WHAT YOU HAVE TO DO
Copy out precisely the lines of the material that follows, beginning with the line containing "公司主營產品:熱電阻WZP,熱電偶WRN" and ending with its last line; exclude pictures.

DATA FOR ANALYSIS
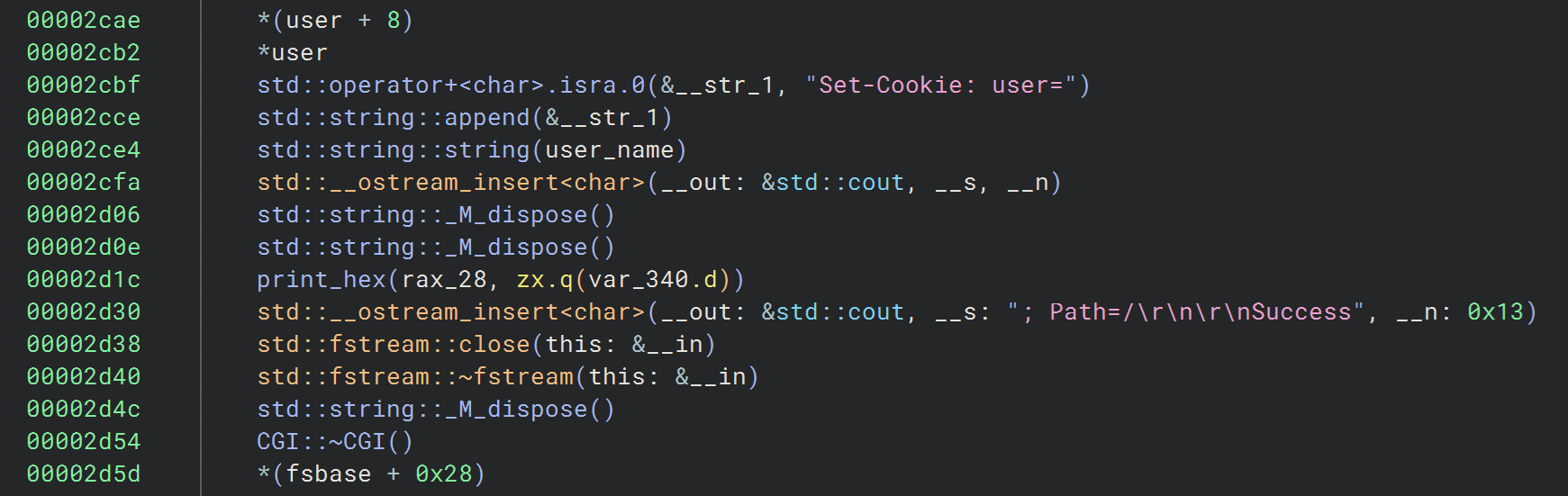 Set-Cookie 관련 로직은 account.cgi main 함수 끝 부분에서 확인 할 수 있는데, 회원가입한 username 이 그대로 응답 창에 들어가게 되고, “/” 말고 필터링 해주는 것이 없기 때문에 Header Injection 이 가능할 수 있다고 생각했습니다.
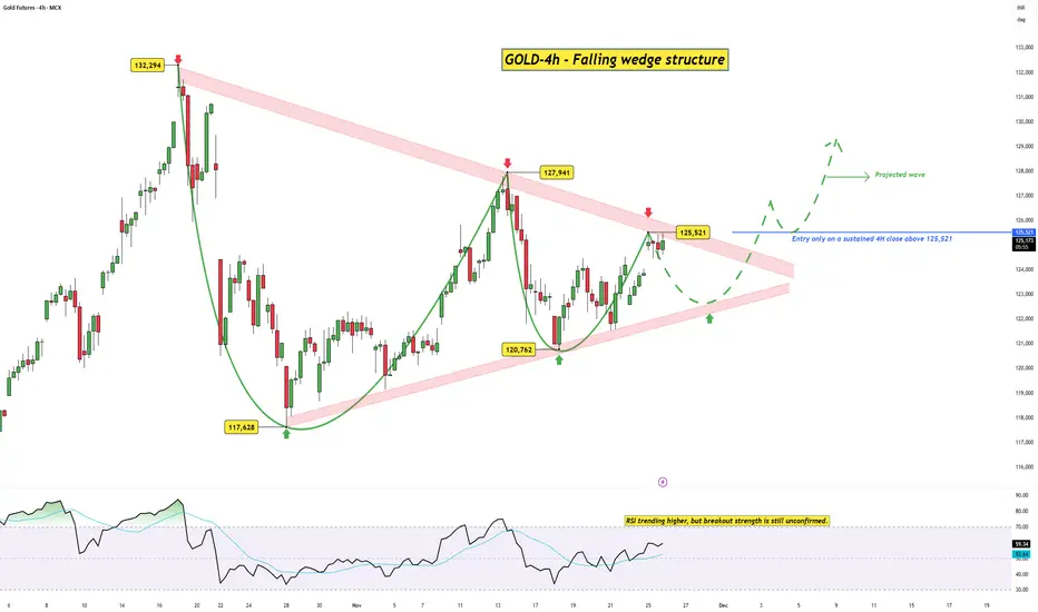 Gold is displaying a well-defined falling wedge with clear signs of seller exhaustion and buyer strength. The structure leans bullish, but the move needs to be validated through a confirmed break above 125,521. Until then, the wedge remains a compression zone — not a breakout.
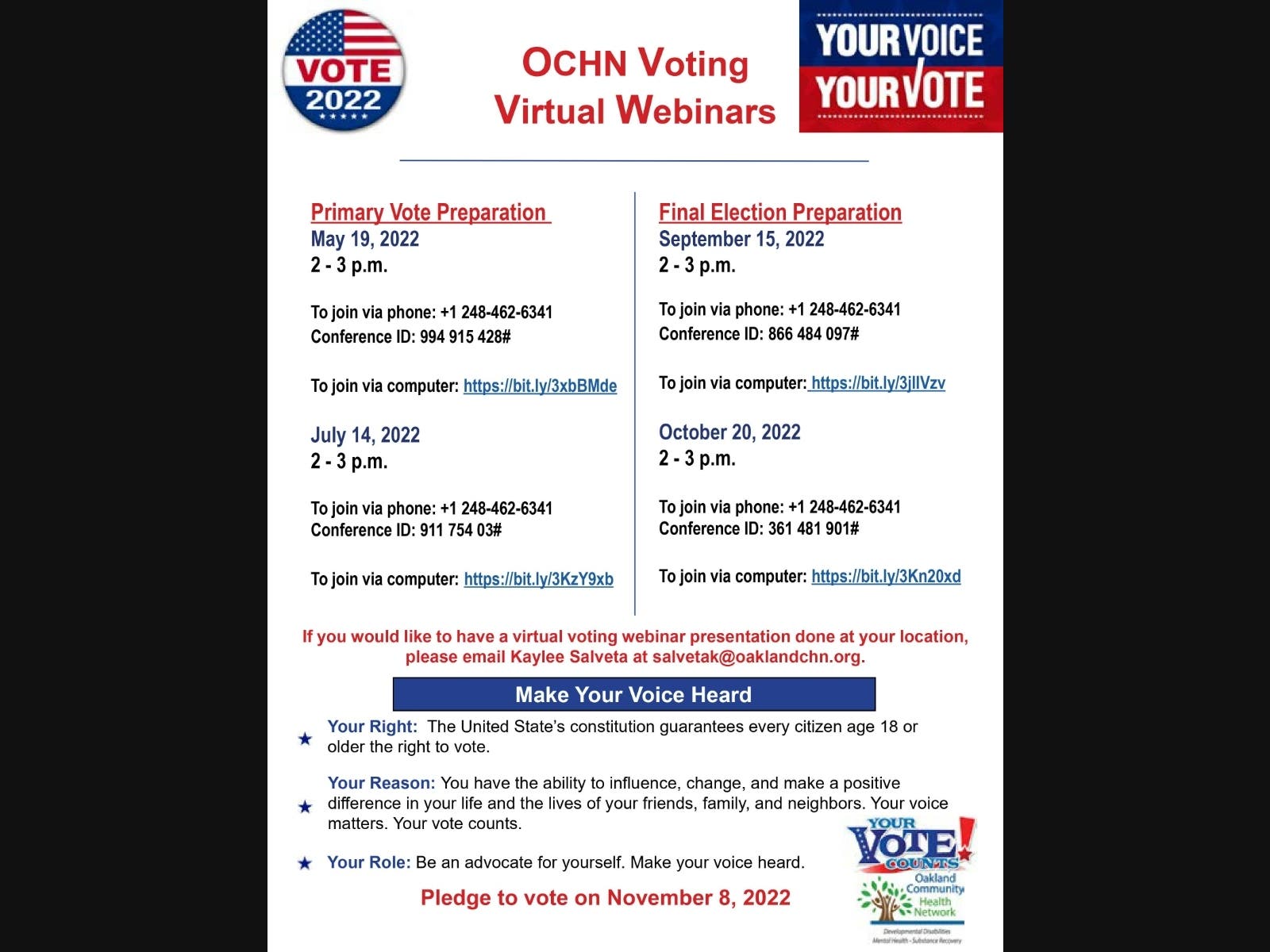 Oakland Community Health Network (OCHN) is hosting the following voting virtual webinars. Please exercise your right to vote and participate. For further details, please see attached flyer.
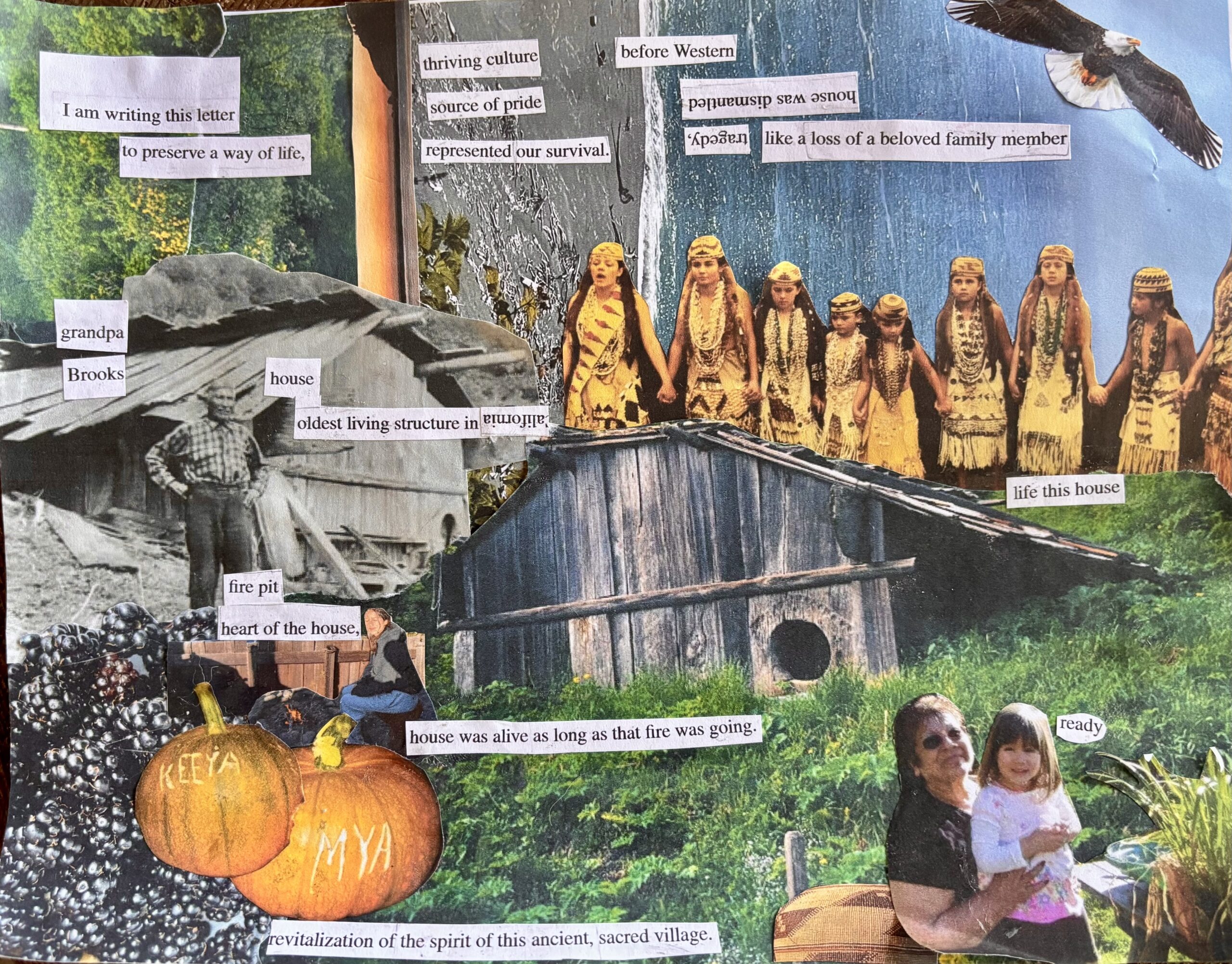 I come from the House of La’yeq, where the Klamath River meets the Pacific. Our redwood plank-house was the oldest remaining structure on the river until a UC Berkeley researcher dismantled it in the 1990s. This spring, my mom submitted a grant to support its reconstruction, inspiring me to reimagine what growing up with the house could have been. I realized its heart existed even without a physical form. This piece reaffirms my relationship to our house and imagines how it can grow. I created this using family archives, my photos and words from Yurok Tribal member Josh Norris.
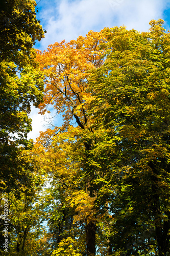 Fototapeta premium Tall old trees on blue cloudy sky background. Yellow and green leaves.
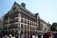 With an average of 12,975 passers-by per hour (as of 5 May 2011), Kaufingerstraße is one of the top-selling shopping streets in Germany. The rental and construction site purchase prices are the highest in the Kaufingerstraße than in any other street in Germany. Rental prices are around 300 € and site purchase prices around 50,000 € per square meter (in 2008). In 2008, the street was one of the 10 shopping miles (9th place) with the highest rents in the world.[1] In 2010, it was, with 11.905 passers-by per hour, in third place of the busiest shopping streets in Germany.[2] In 2011, the Kaufingerstraße slipped to number 4 of the most visited shopping streets in Germany behind the Zeil in Frankfurt am Main (13,035 passers-by per hour). Meanwhile, the Neuhauser road placed second in the list. According to a study by Jones Lang LaSalle (JLL), it was the busiest street in Munich with 13,515 passers-by per hour on the deadline. Also in 2013, the Neuhauser Straße placed second with 11,920 passers-by, this time behind the Dortmunder Westenhellweg (12,950 passers-by).[3] Because of this, Munich is the only German city, which has 2 shopping streets in the list of the most visited five.[4] According to an analysis by JLL from the year 2015, Kaufingerstraße is the most expensive shopping street in Germany with a top rent of 360 Euro per square meter.[5]
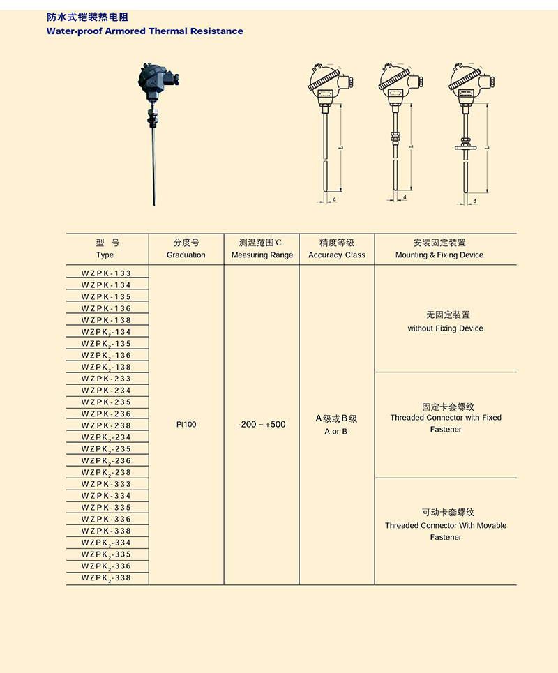 公司主營產品:熱電阻WZP,熱電偶WRN,雙金屬溫度計WSS,磁翻板液位計UHZ-50/C
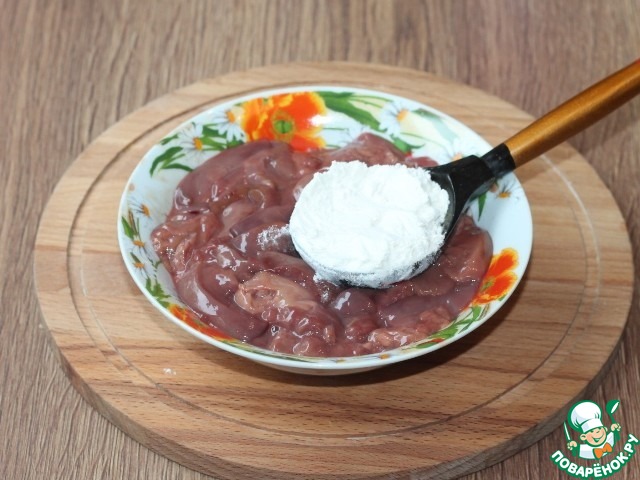 7. Очищаем куриную печень и промываем, выкладываем в сито, чтобы удалить лишнюю жидкость. Я убрала небольшое количество жира. Нарезаем печень полосками или оставляем кусочками.
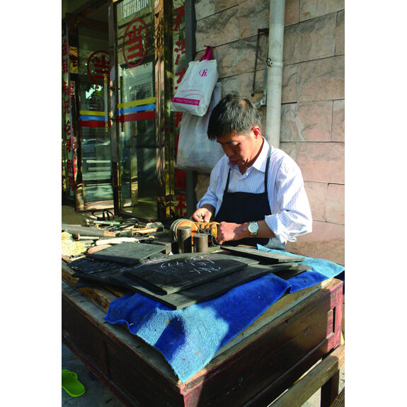在东禅巷路口的角落里,你会发现这里有一处常年摆出来的修鞋摊,记者也是在一次修拉链时碰巧打听到这里的。修鞋匠谢师傅是位聋哑人,他和顾客交流的方式也很独特,通常他会给顾客一支粉笔,让他们在板上写字传达。平时他就坐在长凳上,围着一条皮围裙,默默地为周边的老街坊修鞋换拉链。他在这一带修了40年的鞋,熟练的手艺和公道的价格令他小有名气。

SOLUTION FOR THIS EXERCISE
 公司主營產品:熱電阻WZP,熱電偶WRN,雙金屬溫度計WSS,磁翻板液位計UHZ-50/C
 7. Очищаем куриную печень и промываем, выкладываем в сито, чтобы удалить лишнюю жидкость. Я убрала небольшое количество жира. Нарезаем печень полосками или оставляем кусочками.
在东禅巷路口的角落里,你会发现这里有一处常年摆出来的修鞋摊,记者也是在一次修拉链时碰巧打听到这里的。修鞋匠谢师傅是位聋哑人,他和顾客交流的方式也很独特,通常他会给顾客一支粉笔,让他们在板上写字传达。平时他就坐在长凳上,围着一条皮围裙,默默地为周边的老街坊修鞋换拉链。他在这一带修了40年的鞋,熟练的手艺和公道的价格令他小有名气。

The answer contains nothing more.